The early virological response to combination therapy of patients with genotype 6 was significantly better than that of genotype 1 (88.6% vs 74.3%, P = 0.03). Significant difference was also identified in the end of treatment response of the two genotypes (60% vs 81.4% for genotype 1 and 6, respectively; P = 0.005). The sustained virological response (SVR) to treatment in patients with genotype 6 was also significantly superior to that of patients with genotype 1 (75.7% vs 57.1%, P = 0.02). Multiple logistic regression analysis demonstrated that age of 55 years or less, genotypes of hepatitis C virus, liver biopsy staging and baseline hepatitis C virus RNA of 200,000 IU/mL or less were independent predictors for better SVR in this cohort.

CONCLUSION

Patients with chronic hepatitis C genotype 6 respond better to pegylated interferon and ribavirin combination treatment than patients with genotype 1.

摘要

背景与目的

慢性丙型肝炎基因型 6 在香港很常见,尤其是在静脉注射毒品的人群中。
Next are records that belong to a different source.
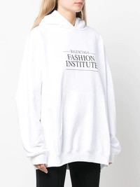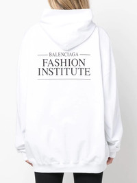 slogan-print hoodie Balenciaga's contemporary vision is expressed in this casual cotton hoodie through the monochromatic colour palette and graphic slogan print at the chest and to the rear. Highlights - Black/white - Cotton - Slogan print to the front - Slogan print to the rear - Classic hood - Long sleeves - Front pouch pocket - Straight hem - Long sleeves - Ribbed trim Imported Composition Outer: Cotton 100% SIZE & FIT Model measurements Height 5 ft 10 in(1.77 m) Bust/Chest 32.28 in(82 cm) Hips 36.22 in(92 cm) Waist 24.4 in(62 cm) FittingInformation This piece fits true to size. We recommend you get your regular size Cut for an oversized fit Made with a mid-weight fabric Washing instructions Machine Wash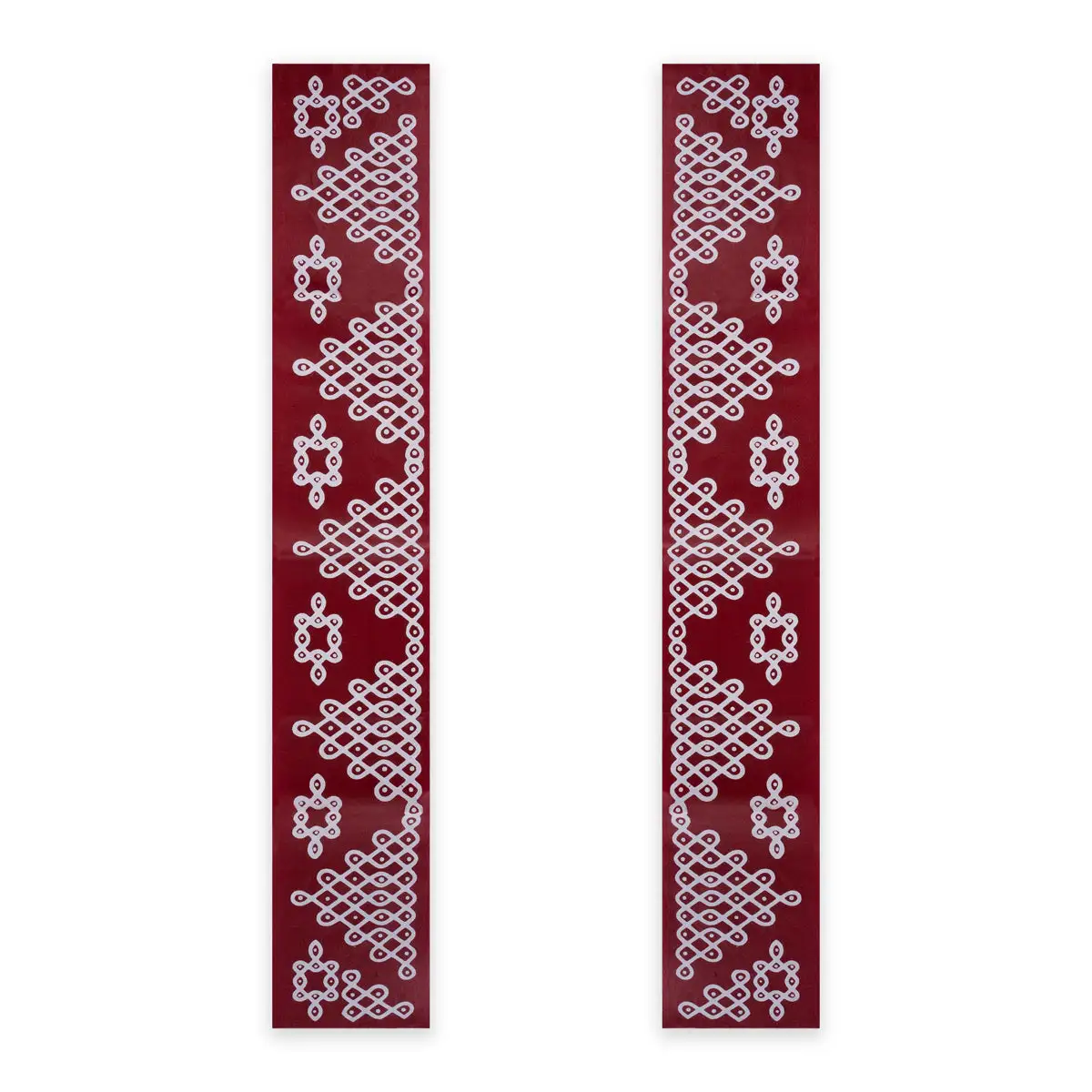 Maroon Kolam Sticker Set - 29.5 x 4 Inches | 4 Pcs/ Rangoli Sticker/ Muggu Sticker for Home Decor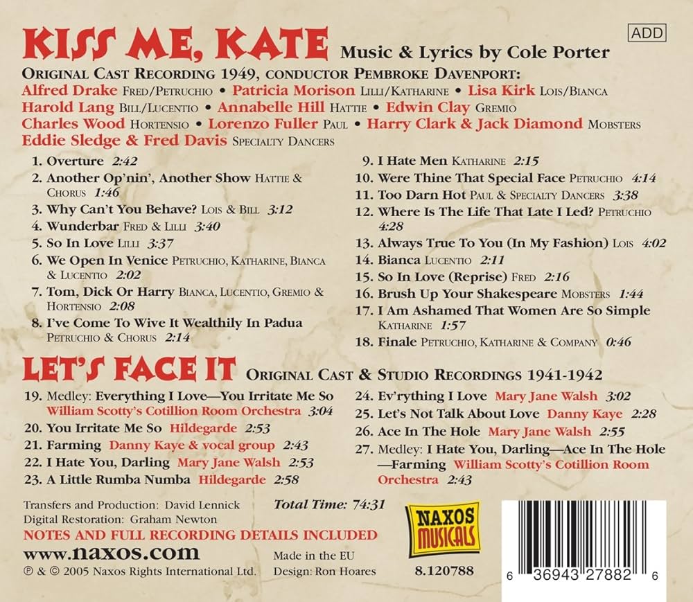 Amazon.co.jp: ミュージカル「キス・ミー・ケイト」・「レッツ・フェイス・イット」 1949 : ミュージック。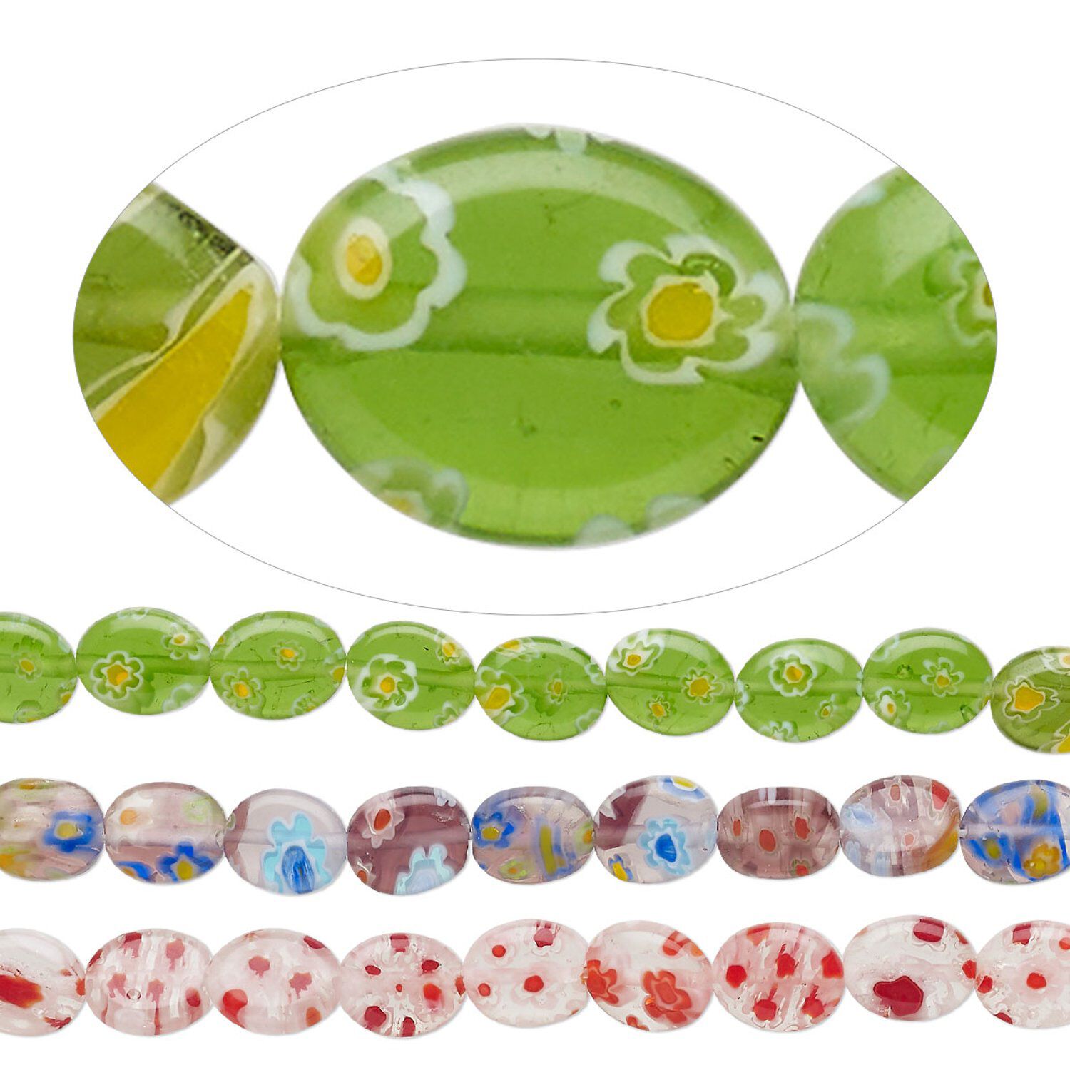 Bead, millefiori glass, translucent multicolored, 10x8mm puffed oval with flower design. Sold per pkg of (3) 14-inch strands.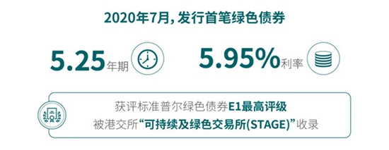 憑借綠色指標的不斷突破,2020年7月,旭輝首次發(fā)行合計5億美元、利率5.95%的5.25年期境外綠色債券,獲評標準普爾綠色債券E1最高評級,并作為首個內(nèi)地房企獲得香港品質(zhì)保證局(HKQAA)頒發(fā)的“綠色金融發(fā)行后階段”證書。該綠色債券亦被港交所“可持續(xù)及綠色交易所(STAGE)”收錄,旭輝因此成為“綠色交易所”首批企業(yè)中唯一的中國內(nèi)地房企。
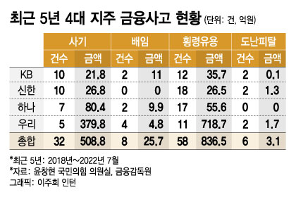 21일 국회 정무위원회 소속 윤창현 의원이 금융감독원으로부터 제출받은 '2018년부터 2022년 6월까지 4대금융지주 금융사고 현황' 국정감사 자료에 따르면 KB·우리·신한·하나 금융지주 소속 은행과 보험, 카드사에서 발생한 금융사고는 모두 104건, 확인된 사고금액은 1347억1000만원이다.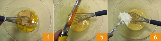 Comece a trabalhar com o batedor manual 5. Adicione as raspas de laranja 5 e vá adicionando a ricota aos poucos com uma colher 6.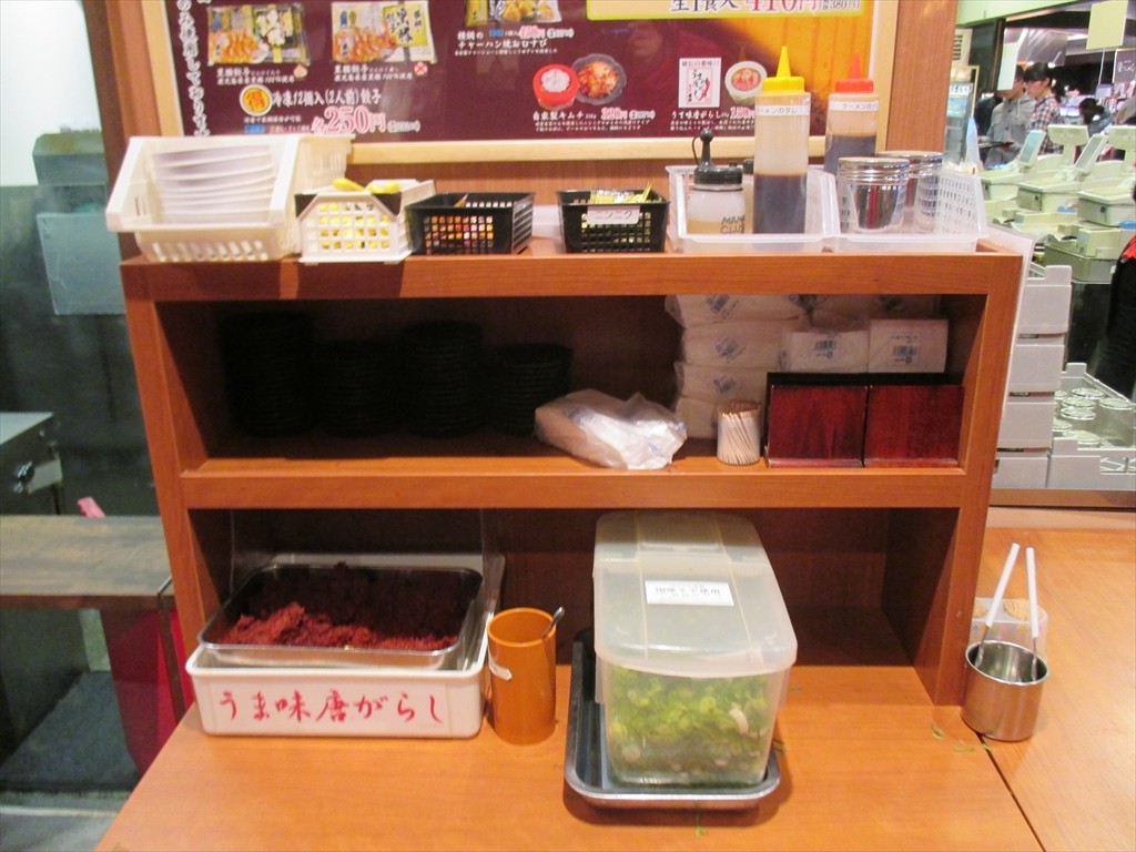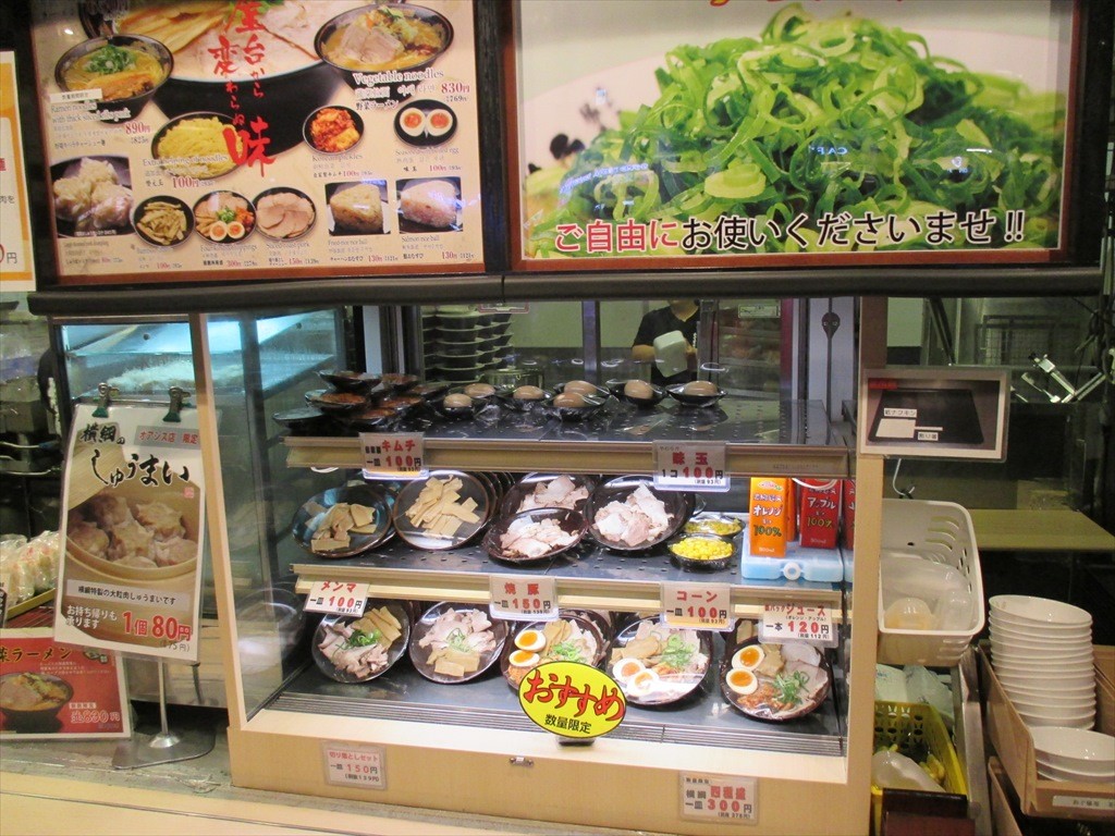 フードコートとしてもラーメン店としては見たことのないセルフサービスでトレイを持って流れながら何を食べるか決めていくことになります。こちらはトッピングのコーナー。こういうのってついついとっちゃうよね。やばいやばい。

既往研究中,该基因型患者对聚乙二醇干扰素和利巴韦林联合治疗的反应不一致,且涉及的患者数量较少。本研究旨在比较基因型 6 和基因型 1 感染患者对该方案治疗的反应。

方法

本研究纳入了 70 例基因型 6 或基因型 1 的患者。两组患者均接受 800-1200mg 利巴韦林联合 180mg 聚乙二醇干扰素-α-2a 或 1.5mg/kg 聚乙二醇干扰素-α-2b 每周 1 次,疗程 48 周。比较两组患者的治疗反应。

结果

基因型 6 患者联合治疗的早期病毒学应答明显优于基因型 1 患者(88.6% vs 74.3%,P = 0.03)。两组患者的治疗结束时应答也存在显著差异(基因型 1 和 6 患者的完全应答率分别为 81.4%和 60%,P = 0.005)。基因型 6 患者的持续病毒学应答(SVR)也明显优于基因型 1 患者(75.7% vs 57.1%,P = 0.02)。多因素 logistic 回归分析显示,年龄≤55 岁、丙型肝炎病毒基因型、肝活检分期和基线丙型肝炎病毒 RNA<200000IU/ml 是该队列中 SVR 的独立预测因素。

结论

慢性丙型肝炎基因型 6 患者对聚乙二醇干扰素和利巴韦林联合治疗的反应优于基因型 1 患者。